The Accidentals are an all-male collegiate a cappella group. Formed in 1974, the Accidentals are the oldest a cappella group at the University of Georgia.  The Accidentals are typically anywhere from 12 to 17 members and hold auditions every fall and occasionally at the end of the spring

History 

The Accidentals were formed in 1974 when the Director of The University of Georgia Men's University of Georgia Men's Glee Club, Dr. E. Pierce Arant, Jr. decided to liven up the concerts a bit by having a feature quartet. Over time the quartet grew to eight members, then twelve. In the mid-1980s Paul Tate joined the group and began to arrange more contemporary pop music for the group, a big change from the typical barbershop and spiritual music the group was used to doing with the Men's Glee Club. The Accidentals were widely heralded for their 1992 performance of "A Mighty Fortress" as arranged by the group Glad.

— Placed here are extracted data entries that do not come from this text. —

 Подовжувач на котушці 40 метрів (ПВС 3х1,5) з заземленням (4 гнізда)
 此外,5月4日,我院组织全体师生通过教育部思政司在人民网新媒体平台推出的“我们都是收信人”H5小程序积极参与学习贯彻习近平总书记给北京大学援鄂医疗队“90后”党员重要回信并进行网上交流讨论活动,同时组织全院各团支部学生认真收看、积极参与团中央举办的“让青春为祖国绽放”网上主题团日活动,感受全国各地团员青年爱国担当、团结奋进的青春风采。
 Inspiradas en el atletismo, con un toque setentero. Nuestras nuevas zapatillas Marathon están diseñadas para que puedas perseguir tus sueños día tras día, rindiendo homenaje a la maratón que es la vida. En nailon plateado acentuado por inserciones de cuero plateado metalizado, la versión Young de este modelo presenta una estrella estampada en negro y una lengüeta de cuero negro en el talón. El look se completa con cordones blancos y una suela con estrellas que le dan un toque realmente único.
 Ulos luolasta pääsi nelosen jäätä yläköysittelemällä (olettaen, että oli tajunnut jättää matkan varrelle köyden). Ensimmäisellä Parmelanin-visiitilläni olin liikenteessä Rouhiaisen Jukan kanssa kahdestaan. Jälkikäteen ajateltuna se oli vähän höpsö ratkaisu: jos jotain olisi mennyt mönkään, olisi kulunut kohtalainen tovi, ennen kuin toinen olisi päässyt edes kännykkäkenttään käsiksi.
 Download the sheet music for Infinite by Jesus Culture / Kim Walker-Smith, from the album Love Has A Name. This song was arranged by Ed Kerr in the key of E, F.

Paul Tate took up the Directorship of the Accidentals in 1993 and proceeded to whip the 12 members into shape. That year also brought about a landmark event: the Accidentals' first album, On The Map, which was only available on cassette, and sold out quickly. The group put out their second album the next year: S.O.L.D. O.U.T. (Songs Of Liberty, Devotion, and Other Universal Truths). The album was a great improvement over On The Map and gave the Accidentals a more polished and professional sound. The next year brought the Accidentals' third album in three years: Songs From Uncle Paul's Cabin.

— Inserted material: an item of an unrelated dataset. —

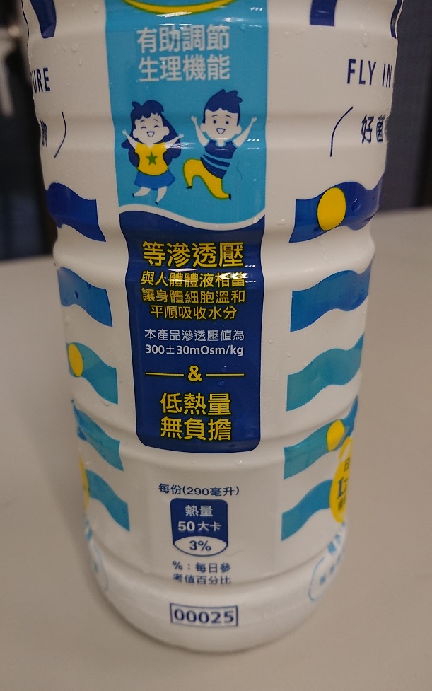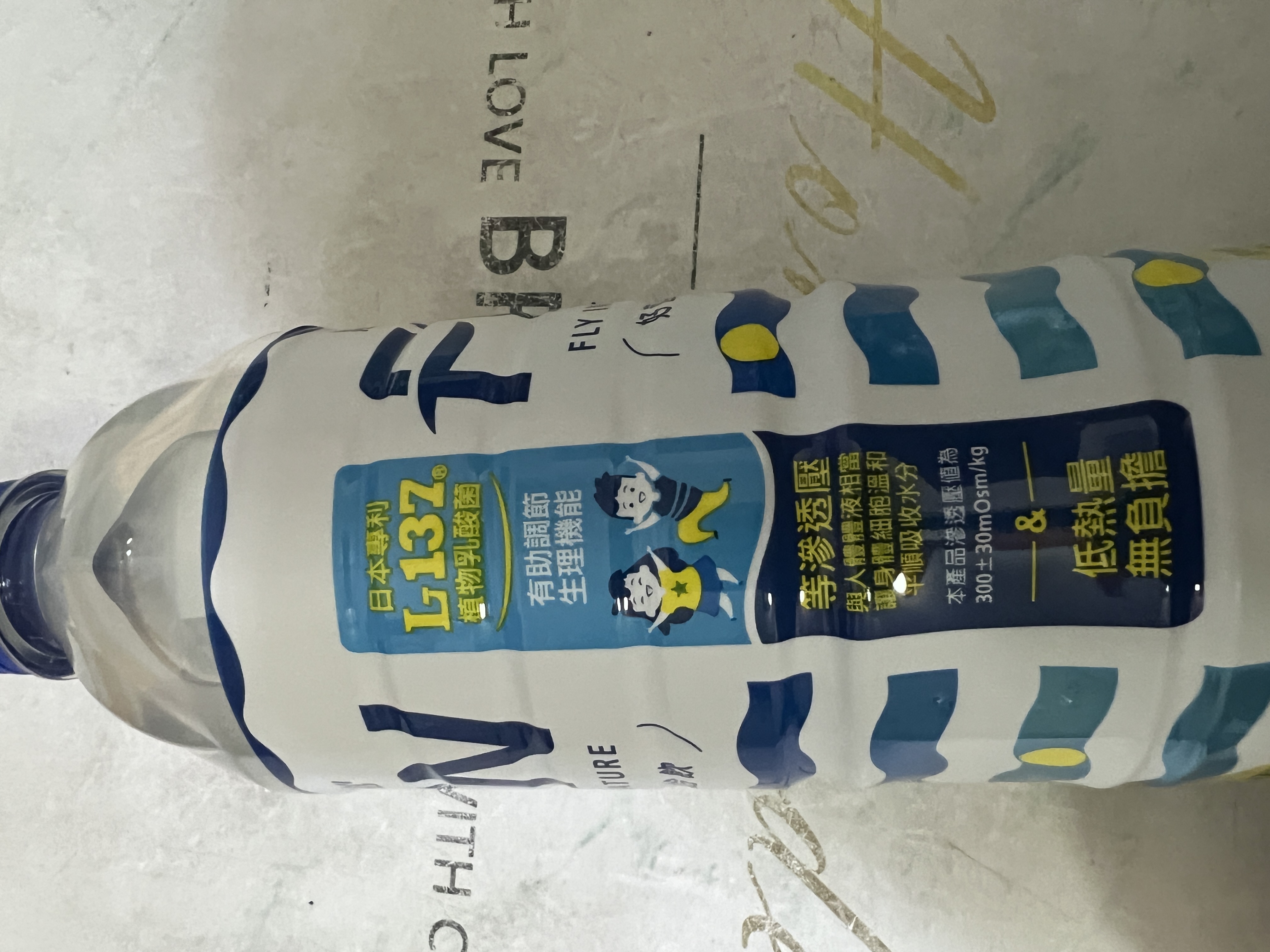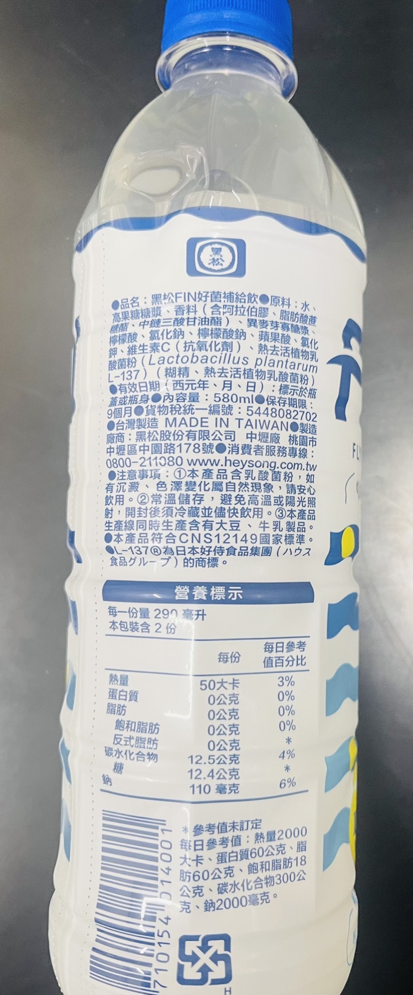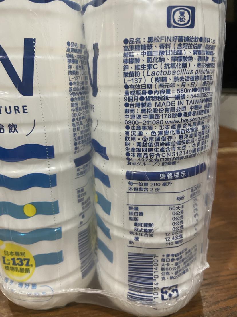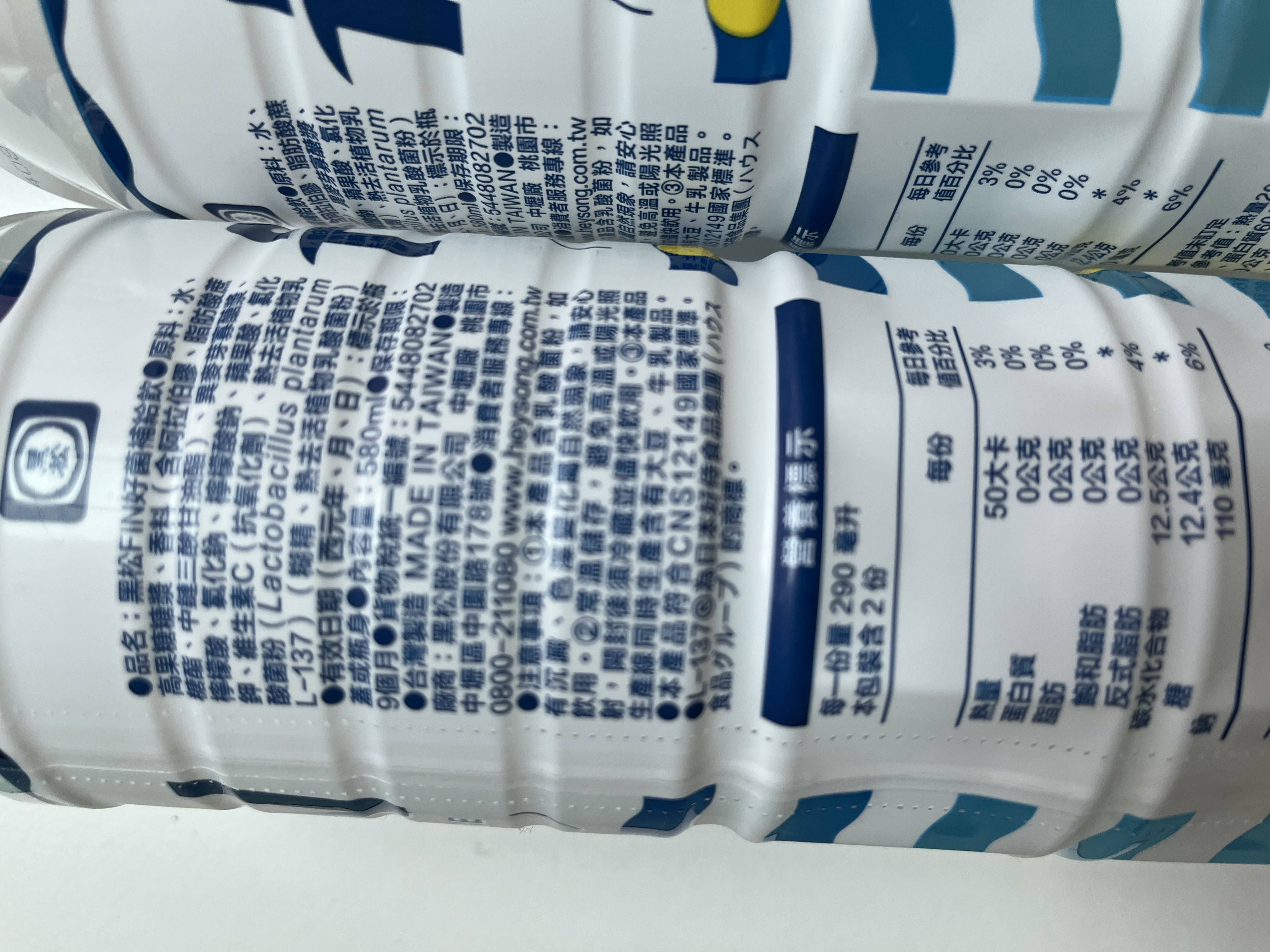 水、高果糖糖漿、香料(含阿拉伯膠、脂肪酸蔗糖酯、中鏈三酸甘油酯)、異麥芽寡醣漿、檸檬酸、氯化鈉、檸檬酸鈉、DL-蘋果酸、氯化鉀、維生素C (抗氧化劑)、熱去活植物乳酸菌粉(Lactobacillus plantarum L-137)(糊精、熱去活植物乳酸菌粉)

In the spring of 1996, the Accidentals' first annual Invitational concert, UGAPALOOZA! The guest groups included The UNC Tar Heel Voices and The William & Mary Gentlemen of the College. In 1997 the Accidentals competed in their first a cappella competition, the southeast regional of The National Championship of Collegiate A Cappella (now the International Championship of Collegiate A Cappella), and walked away with First Place, and a Best Arrangement Award for Paul Tate's "Blessing."

In January 2001 the Accidentals released their first Christmas album, Meanwhile, Back at Christmas..., which was recorded live at the Accidentals' Christmas Concert in Edge Recital Hall on December 2, 2000.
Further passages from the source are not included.